In this Saturday, Feb. 22, 2014, photo, Joaquin 'El Chapo' Guzman is escorted to a helicopter in handcuffs by Mexican navy marines at a navy hanger in Mexico City, Mexico. Guzman, the head of Mexico's Sinaloa Cartel, was captured overnight in the beach resort town of Mazatlan. (Eduardo Verdugo/The Associated Press)
WASHINGTON — The United States is quietly expanding its training of Mexico's armed forces, helping to reverse decades of mistrust that made Mexico's military reluctant to cooperate with its northern neighbor.
The amount the Pentagon spent on training Mexico's armed forces, though small, increased to more than $15 million last year, up from about $3 million in 2009, according to U.S. Northern Command, which oversees U.S. military contacts with Mexico.
The training comes as Mexico's armed forces have been drawn deeper into the country's war on drugs and organized crime.
"For decades, Mexico's military tried to remain autonomous from the U.S. military," said David Shirk, a fellow at the Wilson Center.
U.S. military officials are reluctant to discuss the relationship openly because of sensitivities in Mexico about appearing dependent on American help.
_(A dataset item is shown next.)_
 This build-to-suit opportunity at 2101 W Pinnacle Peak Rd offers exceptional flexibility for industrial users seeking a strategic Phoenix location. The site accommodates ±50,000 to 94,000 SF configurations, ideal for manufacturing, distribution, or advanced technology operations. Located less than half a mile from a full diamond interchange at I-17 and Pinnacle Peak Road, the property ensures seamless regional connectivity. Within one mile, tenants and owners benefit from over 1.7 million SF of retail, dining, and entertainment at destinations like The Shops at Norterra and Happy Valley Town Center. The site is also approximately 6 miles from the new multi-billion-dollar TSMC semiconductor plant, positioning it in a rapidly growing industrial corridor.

In a statement, the Pentagon said the U.S. military participated in 150 "engagements" with Mexican troops on both sides of the border, "sharing training opportunities with more than 3,000 Mexican soldiers, sailors, airmen and Marines."
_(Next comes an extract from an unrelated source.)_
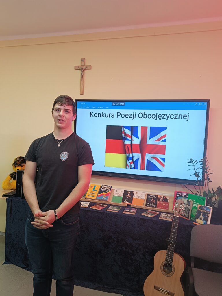 – Igor Ślusarski z klasy 3cOPW – prezentujący wiersz Johanna Wolfganga von Goethe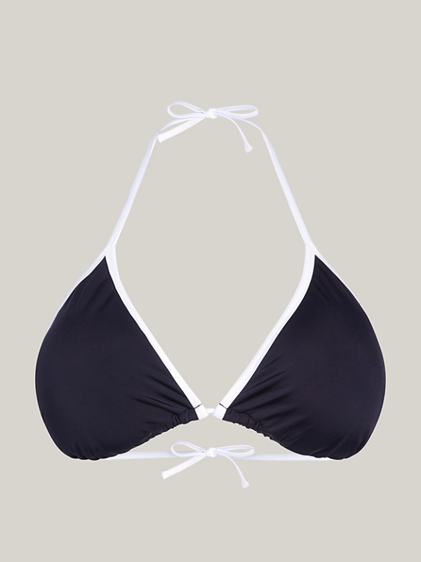 Gornji dio Tommy Hilfiger kupaćeg kostima dizajniranim s podesivim kopčama za samovezivanje na vratu i leđima.

The statement said the Pentagon's "interactions" with Mexico's military have expanded over the past three years. Mexican government officials declined to speak on the record about the training.
The Mexican navy and marine corps have been particularly receptive, allowing the United States to expand its training with Mexico's armed forces and build trust.
"Our security agencies have focused heavily on cooperation with the navy and marines," said George Grayson, a professor at William and Mary who has written a book about Mexican drug cartels.
By contrast, the army is a more "insular" institution less willing to cooperate with foreign military forces, Shirk said.
"The navy has earned a tremendous amount of trust from American authorities," Shirk said.
The army is more susceptible to corruption, since its soldiers have been deployed throughout the country in fixed locations, where there are more opportunities to be bribed. They have direct contact with drugs through eradication efforts.
The Mexican marines are used only for targeted raids and are more insulated from bribes or intimidation, Shirk said.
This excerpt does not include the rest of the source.